## What is needed:
Set down, exactly as written, the lines from the top of the data to the line that holds "SLIDE IN LACE", and omit the pictures.

## Collected data entries:
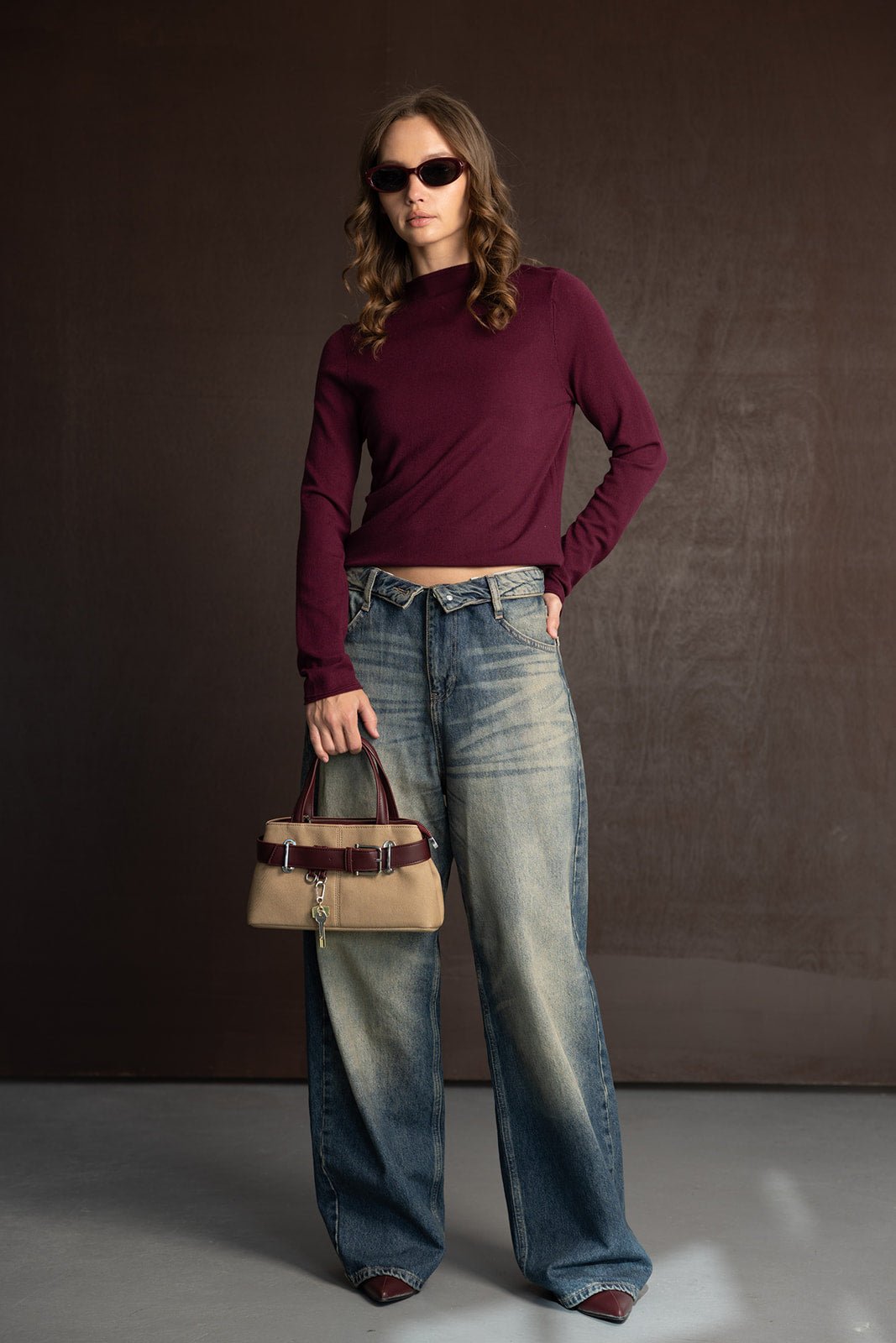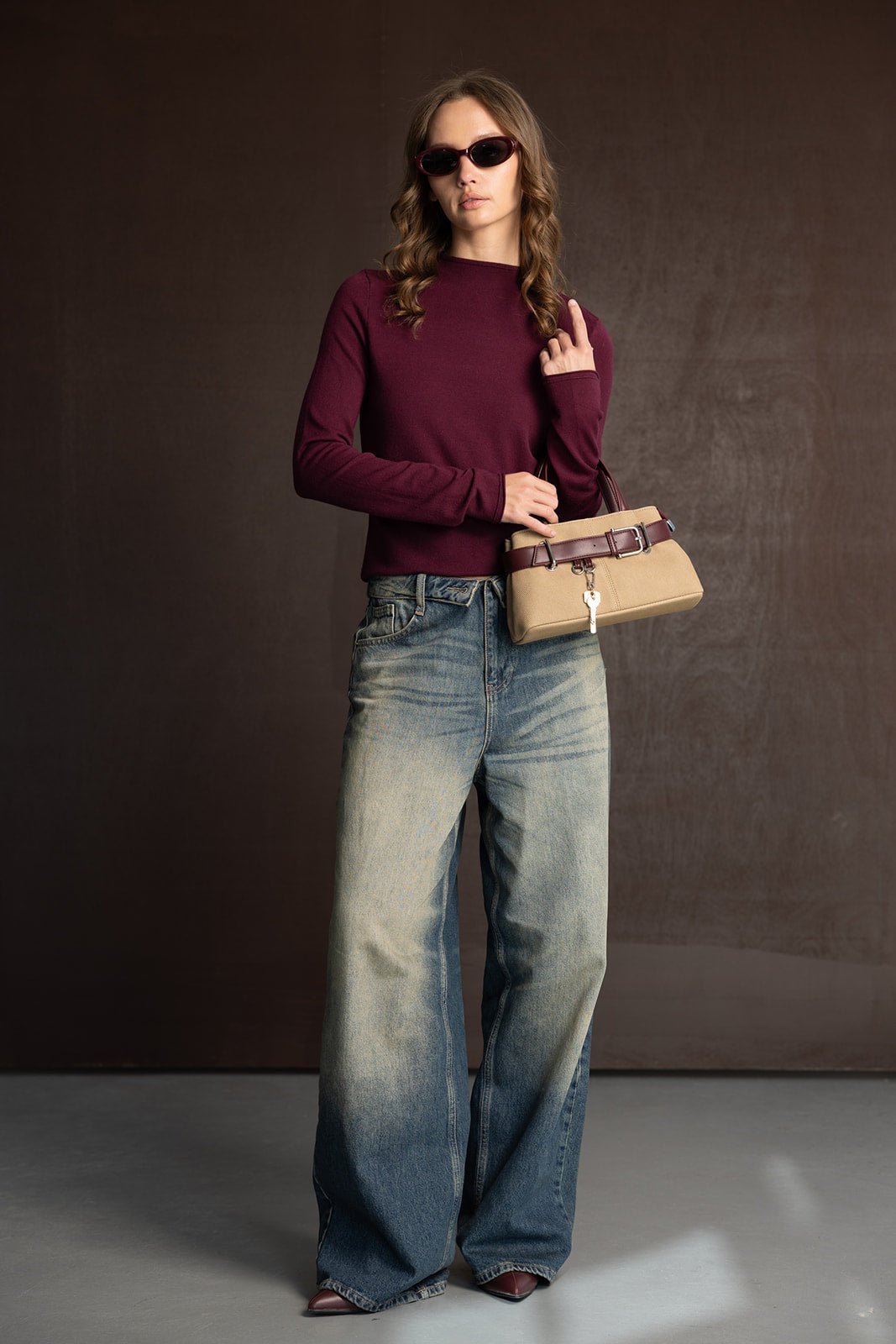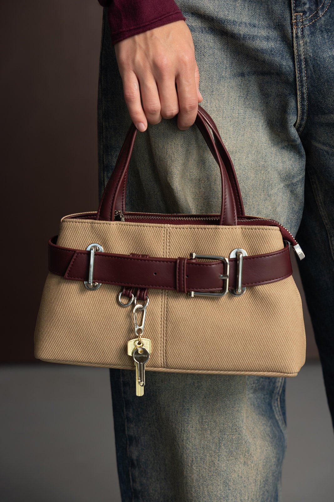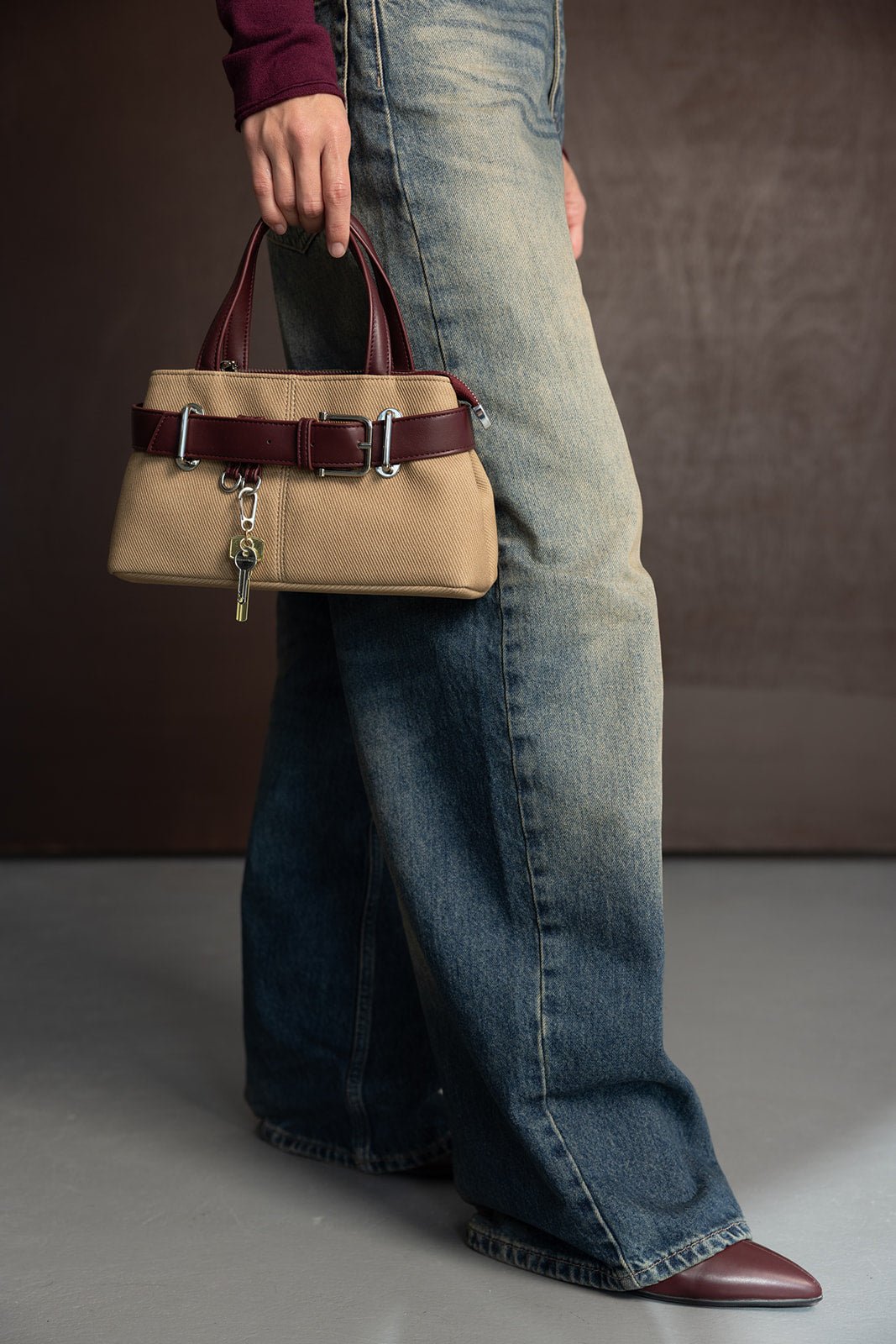 תיק יד קטן במראה הטרנדי של העונה. לתיק רצועת נשיאה ורוכסן לסגירה.
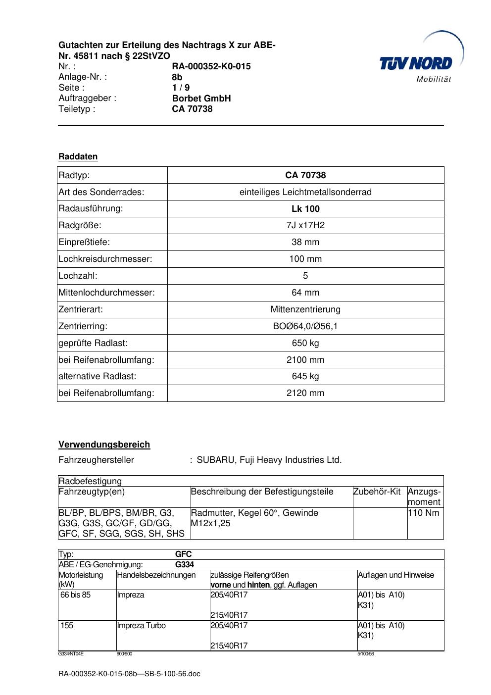 Dieses Gutachten (abe) bezieht sich auf die Alufelge Borbet CA 70738 in der Ausführung 7Jx17 ET 0, Mittenloch 0 mm (KBA 45811). Im PDF findest du typischerweise zulässige Reifengrößen, Auflagen/Anbauhinweise und – je nach Dokument – Hinweise zur Eintragung.
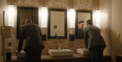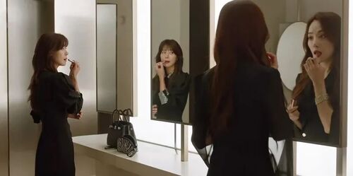 最后想说的镜头语言,是关于镜像的运用,这部剧有好多镜像,可能因为重要意象——月亮有折射太阳光线的特质,而镜像是折射人物内心的常见手法,所以运用特别多。我想特别提的是镜像组成的奇妙对照组,一个是佳乙和前夫的小三第一次在化妆间相见,一个是小奶狗和梨华老公在洗手间。这两段本质差不多都是“原配见小三”,又用了类似的镜头,可以看作奇妙的前后呼应。两个女人的撞鞋撞香水,只能说渣男前夫对女人的取向、品味很相似;而两个男人干脆穿着一模一样的衬衫、西装、领带,梨华同样的东西买两套,一套给原配一套给情人,现实中不少男人对妻子情人会做的事?但是这里却是一个女人对两个男人,让两个男人在洗手间撞衫,有种性别反转带来的戏谑感。镜子的作用,除了剧情上方便更快的观察到另一人的存在,镜像的深层作用是映出两个对象本质的相似性。佳乙和前夫小三品味相似,对男人的评判标准也相似(“做得好”);而小奶狗和梨华老公呢,他们的相似体现在,被金钱所哄抬的优越感——第9集在餐厅,奶狗的表现和梨华老公并无二致。
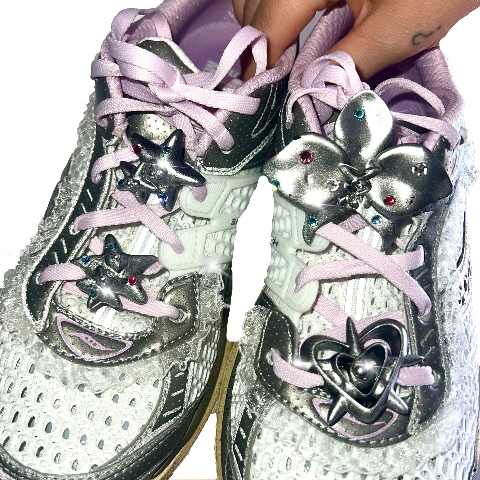SLIDE IN LACE SNEAKER CHARM WITH VARYING SHADE BLUE AND PINK CRYSTALS AND CHROME BEADS
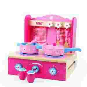 Wykonana w całości z drewna, różowo niebieska dziecięca kuchnia o niewielkich wymiarach lecz zawierająca wszystko to co jest potrzebne aby ugotować obiad dla ukochanych lal i misiów. Kuchenka posiada dwa palniki oraz trzy pokrętła z funkcją klikania podczas ich przekręcania. W zestawie znajdują się także patelnia, garnek z pokrywką, trzy mieszadła, a także solniczka i pieprzniczka.
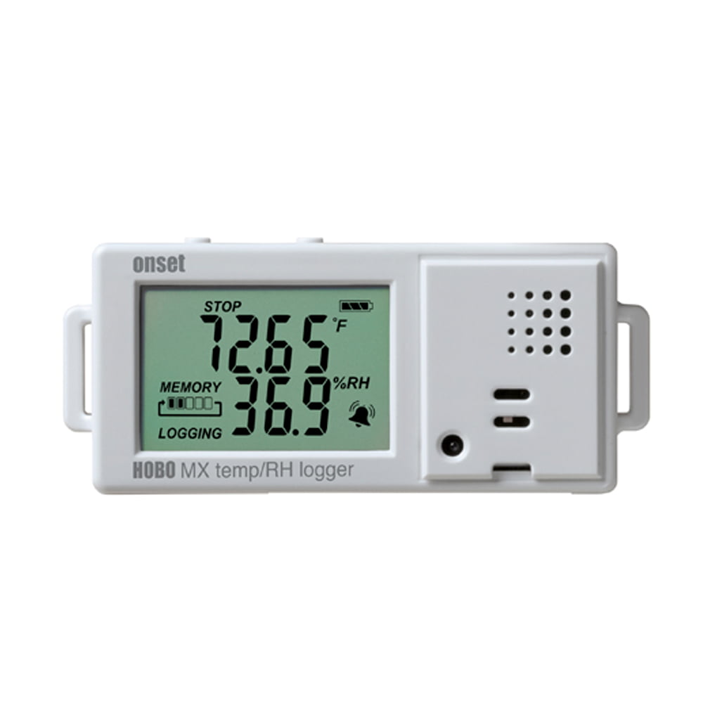 El registrador de datos HOBO MX1101 Temp/HR, utiliza sensores integrados para registrar la temperatura y/o la humedad relativa (HR) en ambientes interiores. Este registrador habilitado para Bluetooth de baja energía (BLE) está diseñado para la comunicación inalámbrica con un dispositivo móvil iOS o Android.
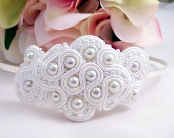 White beaded soutache hairband MollyG Designs. Wedding hair accessory. Soutache accessory. Bridal hair band. Pretty handmade hair band.
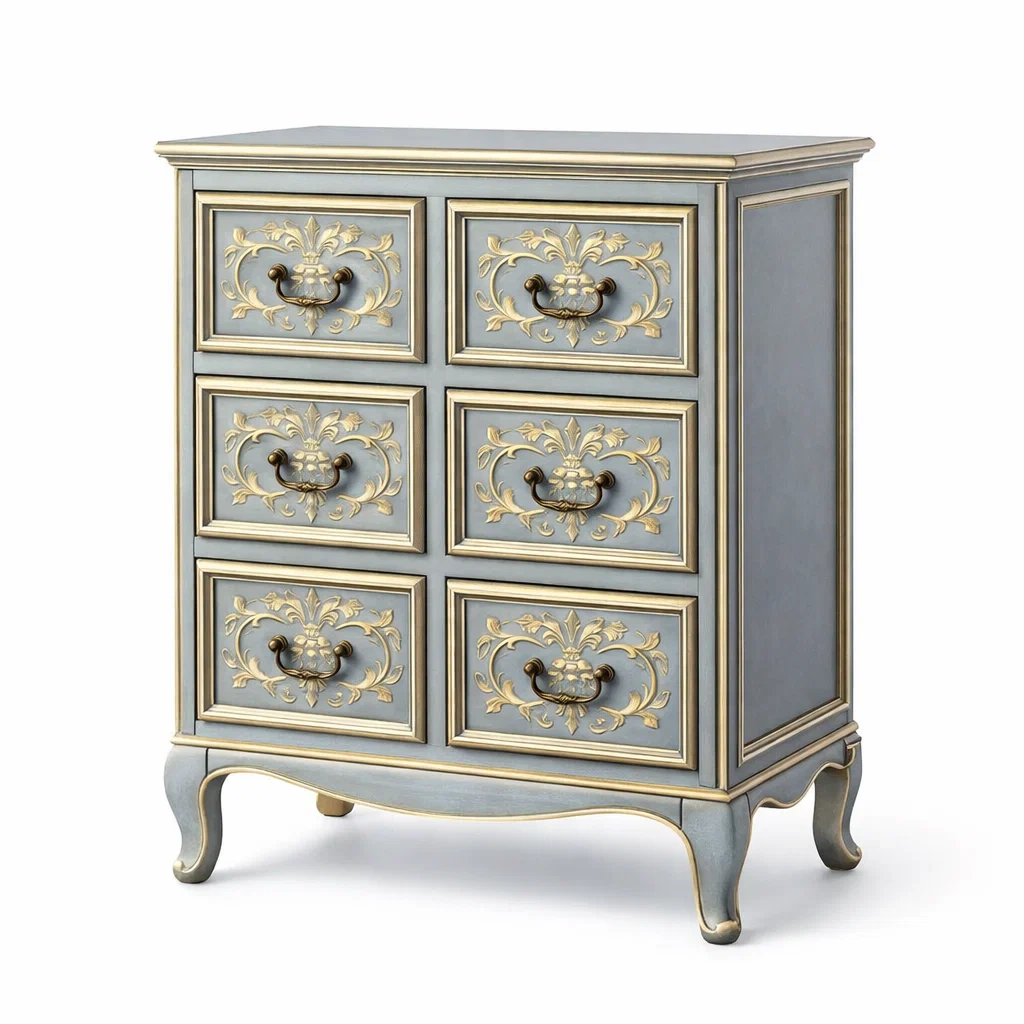 Finition : Peinture bleue avec détails dorés

## Solution for this exercise:
 תיק יד קטן במראה הטרנדי של העונה. לתיק רצועת נשיאה ורוכסן לסגירה.
 Dieses Gutachten (abe) bezieht sich auf die Alufelge Borbet CA 70738 in der Ausführung 7Jx17 ET 0, Mittenloch 0 mm (KBA 45811). Im PDF findest du typischerweise zulässige Reifengrößen, Auflagen/Anbauhinweise und – je nach Dokument – Hinweise zur Eintragung.
 最后想说的镜头语言,是关于镜像的运用,这部剧有好多镜像,可能因为重要意象——月亮有折射太阳光线的特质,而镜像是折射人物内心的常见手法,所以运用特别多。我想特别提的是镜像组成的奇妙对照组,一个是佳乙和前夫的小三第一次在化妆间相见,一个是小奶狗和梨华老公在洗手间。这两段本质差不多都是“原配见小三”,又用了类似的镜头,可以看作奇妙的前后呼应。两个女人的撞鞋撞香水,只能说渣男前夫对女人的取向、品味很相似;而两个男人干脆穿着一模一样的衬衫、西装、领带,梨华同样的东西买两套,一套给原配一套给情人,现实中不少男人对妻子情人会做的事?但是这里却是一个女人对两个男人,让两个男人在洗手间撞衫,有种性别反转带来的戏谑感。镜子的作用,除了剧情上方便更快的观察到另一人的存在,镜像的深层作用是映出两个对象本质的相似性。佳乙和前夫小三品味相似,对男人的评判标准也相似(“做得好”);而小奶狗和梨华老公呢,他们的相似体现在,被金钱所哄抬的优越感——第9集在餐厅,奶狗的表现和梨华老公并无二致。
SLIDE IN LACE SNEAKER CHARM WITH VARYING SHADE BLUE AND PINK CRYSTALS AND CHROME BEADS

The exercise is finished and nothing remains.